- PROBLEM TO SOLVE
When you transcribe the lines below, keep every word the same and leave the pictures behind.

Records from a collection:

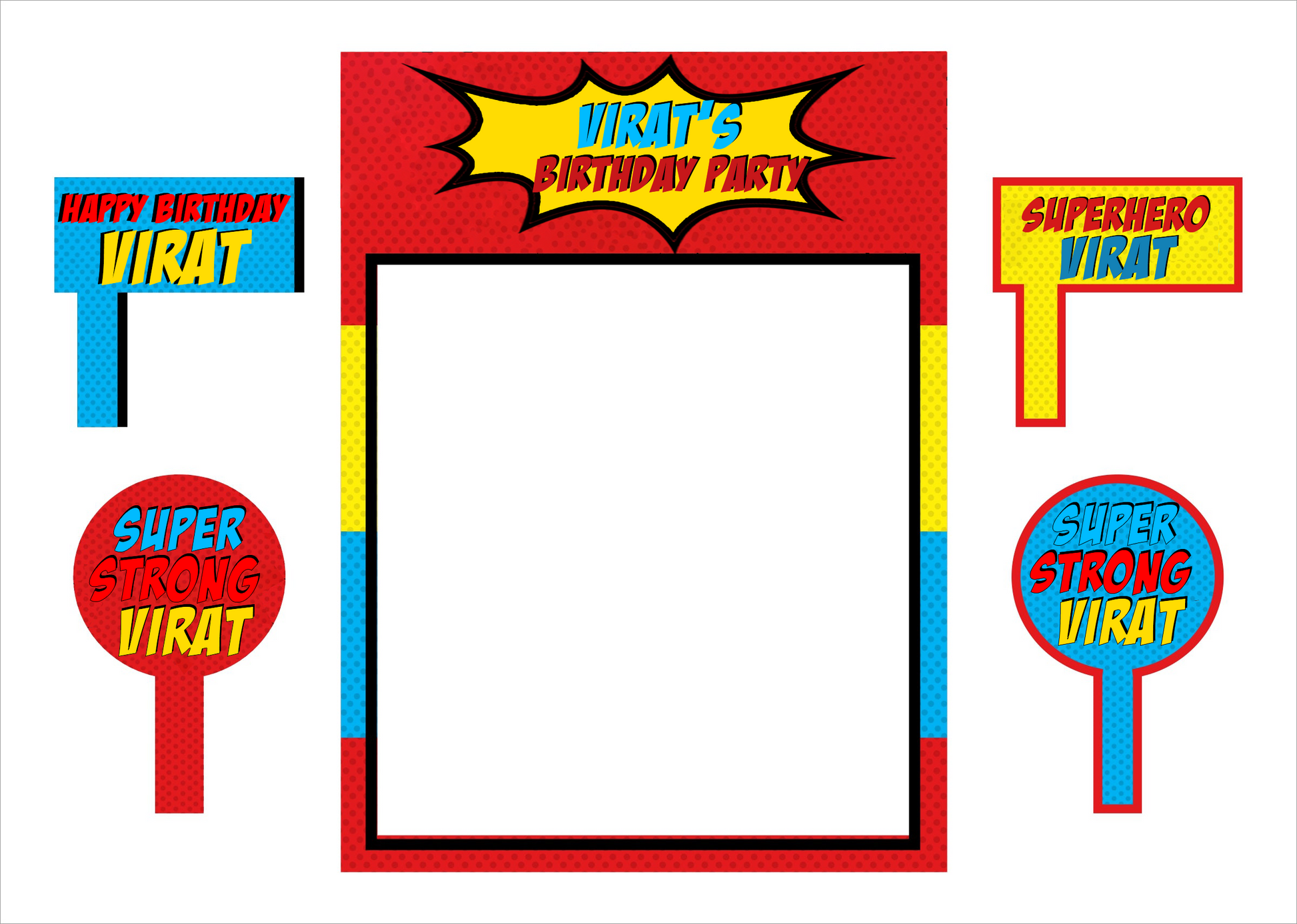 Super Hero Theme Birthday Party Selfie Photo Booth Frame & Props
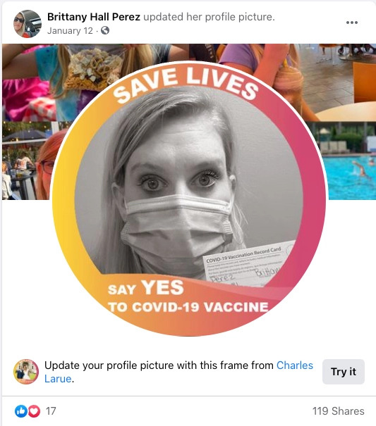 A template surrounding the photo states, “Save lives. Say yes to Covid-19 vaccine.”
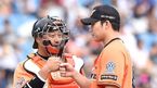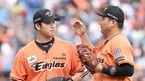 [OSEN=대전, 최규한 기자] 6일 오후 대전 한화생명이글스파크에서 '2015 타이어뱅크 KBO리그' 한화 이글스와 두산 베어스의 경기가 열렸다. 6회까지 무실점 호투 중인 한화 선발 김민우가 포수 조인성과 대화를 나누고 있다. 두산은
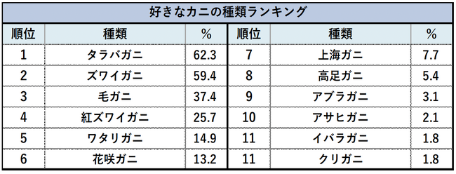好きなカニの種類は1位タラバガニ(62.3%)、2位ズワイガニ(59.4%)、3位毛ガニ(37.4%)
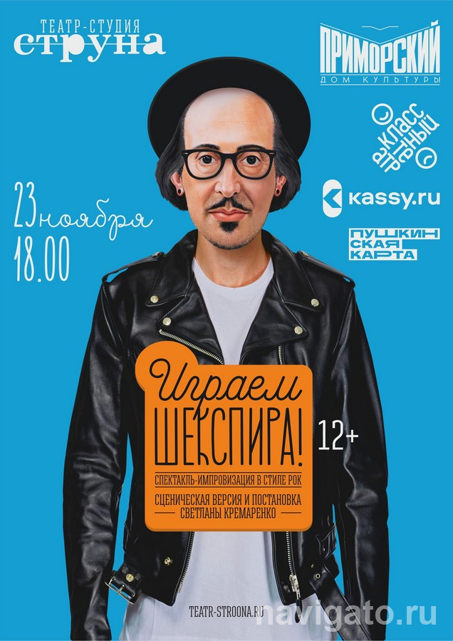 В этом сезоне в проект включены четыре постановки. Начнётся всё 23 ноября в 18 часов со спектакля «Играем Шекспира!» (12+) с подзаголовком «спектакль-импровизация в стиле рок». Сборная солянка из разных произведений великого драматурга («Гамлет», «Король Лир», «Ромео и Джульетта», «Кориолан», «Сон в летнюю ночь»), приправленная шутками и драматическими историями из жизни Шекспира, придуманная на творческой кухне профессионального театра и поданная под звучание рок-музыки – вот такое блюдо приготовила «Струна» для зрителей. Сценическая версия и постановка – Светланы Кремаренко. Участвуют Михаил Ощепков, Павел Бекетов, Светлана Кремаренко, Григорий Симонов, Мила Образцова.
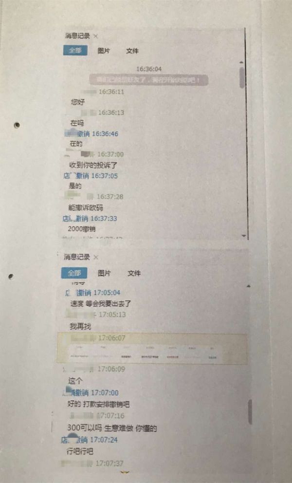 在投诉的同时,三人还会上传在市场监管部门投诉的“截图”,并引导商家转移到电商平台外的聊天工具上“谈判”,进一步威胁商家进行敲诈。而事实上,那些向市场监管部门投诉的“截图”,全是通过PS方式伪造的。
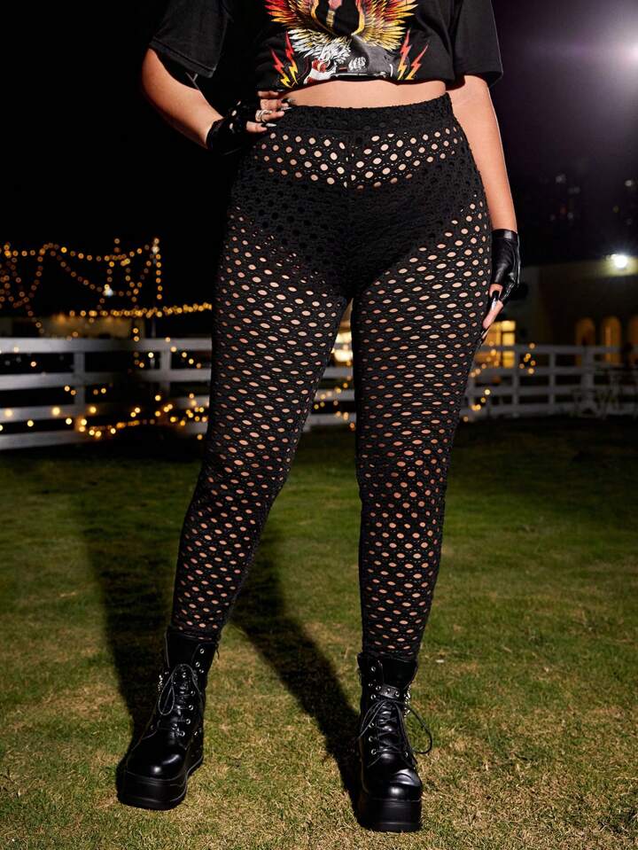 Leggings in rete tagliati avanti senza biancheria intima per l'estate, taglie forti
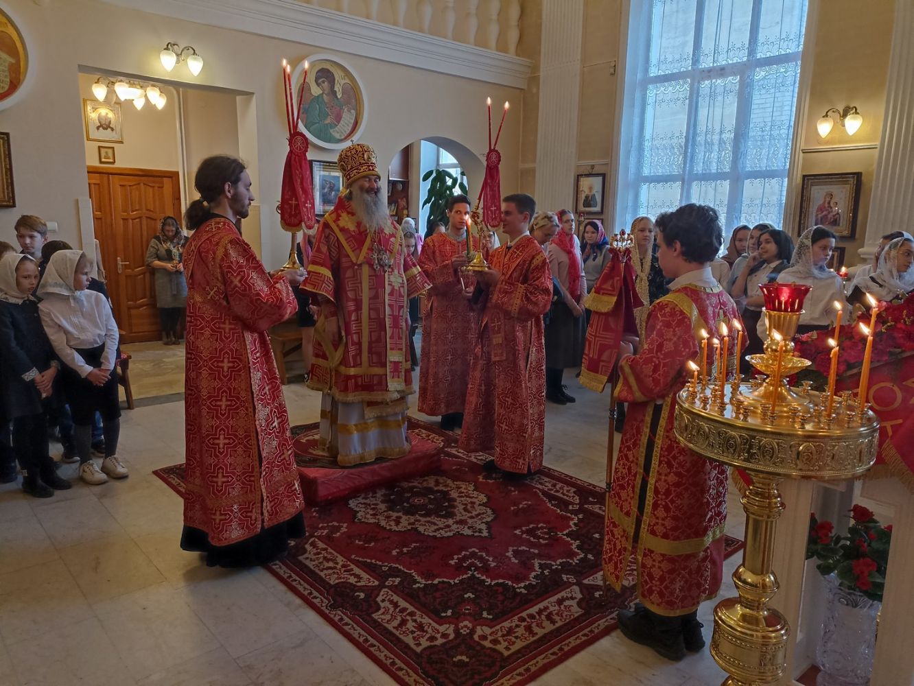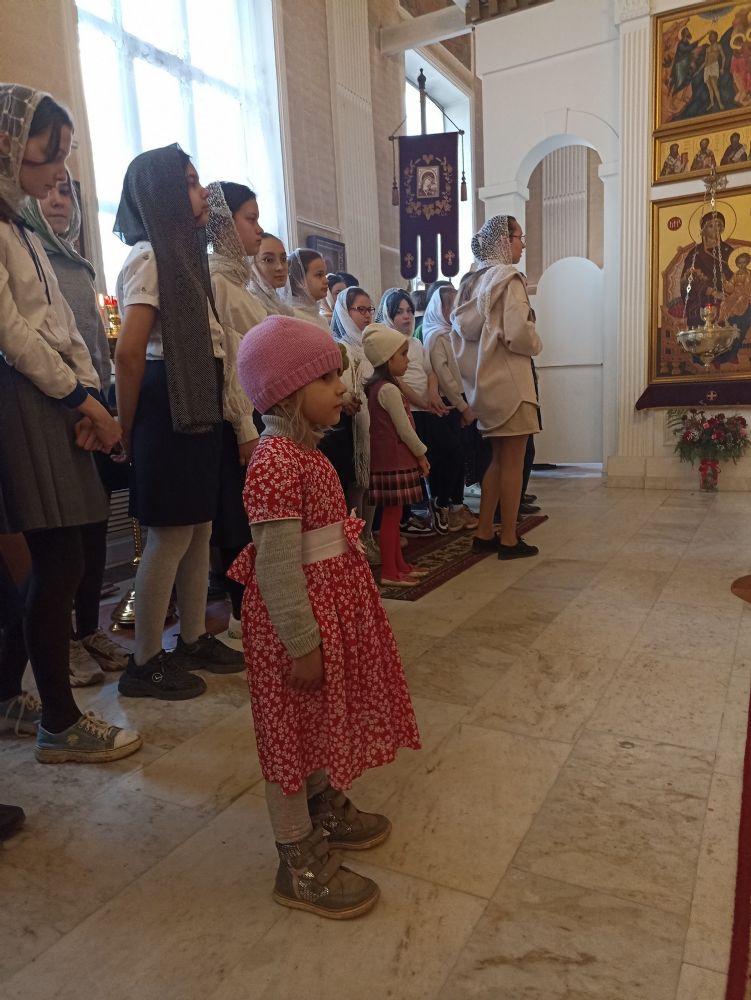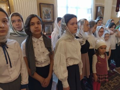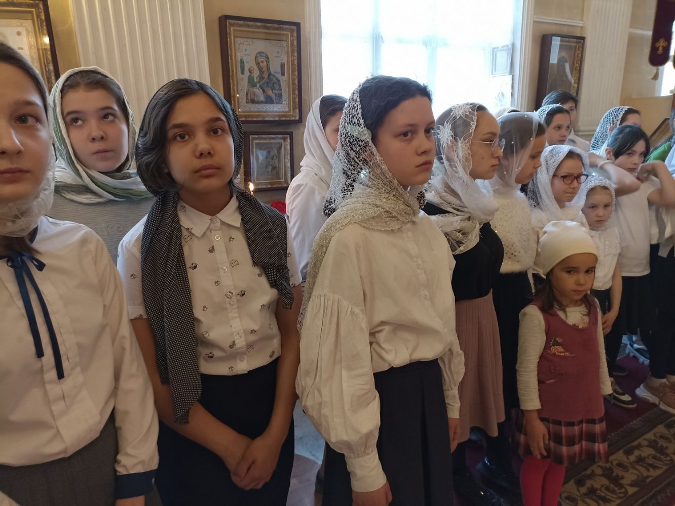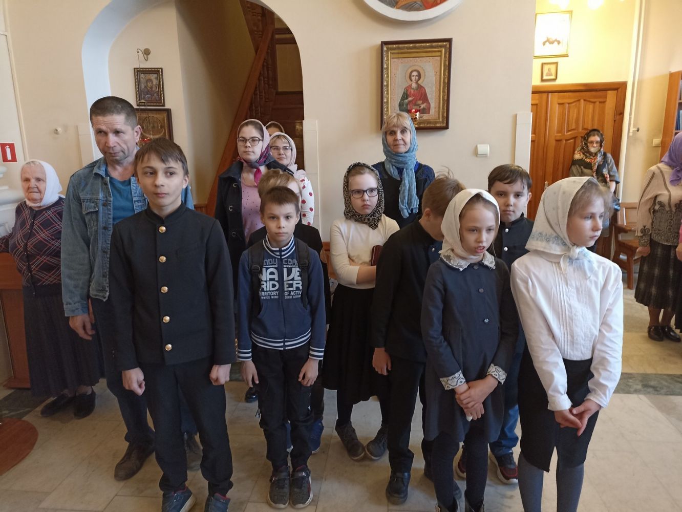 За богослужением, помимо постоянных прихожан, молились учащиеся и педагоги православной гимназии им. Сергия Радонежского.
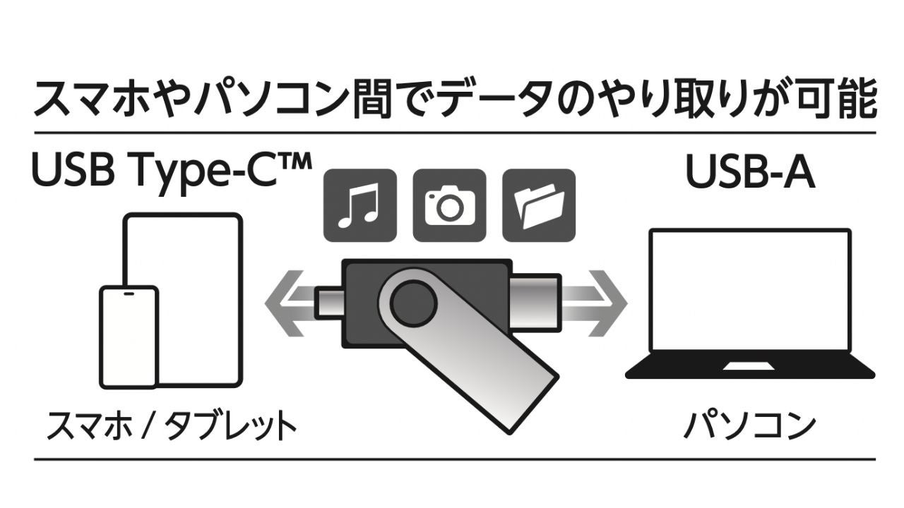■パソコン・スマートフォン・タブレットなど異なるデバイス間のデータ移動もこれ1台でカンタンにできる、USB Type-C(USB-C)/USB-A両方のコネクターを搭載したUSBメモリーです。
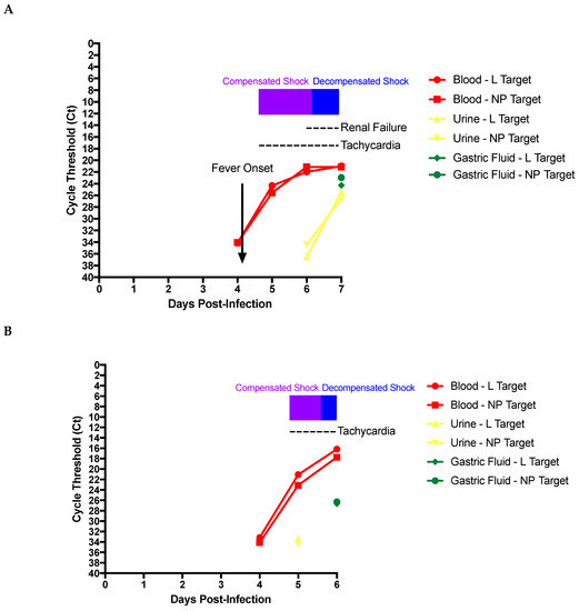 - Spengler, J.R.; McElroy, A.K.; Harmon, J.R.; Ströher, U.; Nichol, S.T.; Spiropoulou, C.F. Relationship Between Ebola Virus Real-Time Quantitative Polymerase Chain Reaction–Based Threshold Cycle Value and Virus Isolation from Human Plasma. J. Infect. Dis. 2015, 212, S346–S349. [Google Scholar] [CrossRef] [PubMed][Green Version]
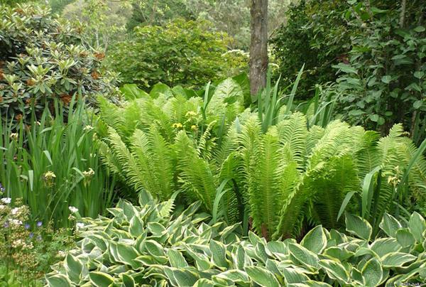 (Matteuceia struthiopteris). Весной из почвы появляются скрученные, словно улитки, вайи. Они вырастают до 1,5 метров в высоту и образуют большую воронку. Весной страусник может пострадать от заморозков, а в сухое лето нуждается в поливе. Высоким и сочным разрастается страусник только в полутени, на открытом месте вайи будут бледными и не столь высокими, не более 60–80 сантиметров. У страусника ползучее корневище, он дает много отводков и для маленького сада может стать даже сорняком. Но все же страусник очень хорош, и не следует отказываться от него из-за его агрессивности.

- RESPONSE
 Super Hero Theme Birthday Party Selfie Photo Booth Frame & Props
 A template surrounding the photo states, “Save lives. Say yes to Covid-19 vaccine.”
 [OSEN=대전, 최규한 기자] 6일 오후 대전 한화생명이글스파크에서 '2015 타이어뱅크 KBO리그' 한화 이글스와 두산 베어스의 경기가 열렸다. 6회까지 무실점 호투 중인 한화 선발 김민우가 포수 조인성과 대화를 나누고 있다. 두산은
好きなカニの種類は1位タラバガニ(62.3%)、2位ズワイガニ(59.4%)、3位毛ガニ(37.4%)
 В этом сезоне в проект включены четыре постановки. Начнётся всё 23 ноября в 18 часов со спектакля «Играем Шекспира!» (12+) с подзаголовком «спектакль-импровизация в стиле рок». Сборная солянка из разных произведений великого драматурга («Гамлет», «Король Лир», «Ромео и Джульетта», «Кориолан», «Сон в летнюю ночь»), приправленная шутками и драматическими историями из жизни Шекспира, придуманная на творческой кухне профессионального театра и поданная под звучание рок-музыки – вот такое блюдо приготовила «Струна» для зрителей. Сценическая версия и постановка – Светланы Кремаренко. Участвуют Михаил Ощепков, Павел Бекетов, Светлана Кремаренко, Григорий Симонов, Мила Образцова.
 在投诉的同时,三人还会上传在市场监管部门投诉的“截图”,并引导商家转移到电商平台外的聊天工具上“谈判”,进一步威胁商家进行敲诈。而事实上,那些向市场监管部门投诉的“截图”,全是通过PS方式伪造的。
 Leggings in rete tagliati avanti senza biancheria intima per l'estate, taglie forti
 За богослужением, помимо постоянных прихожан, молились учащиеся и педагоги православной гимназии им. Сергия Радонежского.
■パソコン・スマートフォン・タブレットなど異なるデバイス間のデータ移動もこれ1台でカンタンにできる、USB Type-C(USB-C)/USB-A両方のコネクターを搭載したUSBメモリーです。
 - Spengler, J.R.; McElroy, A.K.; Harmon, J.R.; Ströher, U.; Nichol, S.T.; Spiropoulou, C.F. Relationship Between Ebola Virus Real-Time Quantitative Polymerase Chain Reaction–Based Threshold Cycle Value and Virus Isolation from Human Plasma. J. Infect. Dis. 2015, 212, S346–S349. [Google Scholar] [CrossRef] [PubMed][Green Version]
 (Matteuceia struthiopteris). Весной из почвы появляются скрученные, словно улитки, вайи. Они вырастают до 1,5 метров в высоту и образуют большую воронку. Весной страусник может пострадать от заморозков, а в сухое лето нуждается в поливе. Высоким и сочным разрастается страусник только в полутени, на открытом месте вайи будут бледными и не столь высокими, не более 60–80 сантиметров. У страусника ползучее корневище, он дает много отводков и для маленького сада может стать даже сорняком. Но все же страусник очень хорош, и не следует отказываться от него из-за его агрессивности.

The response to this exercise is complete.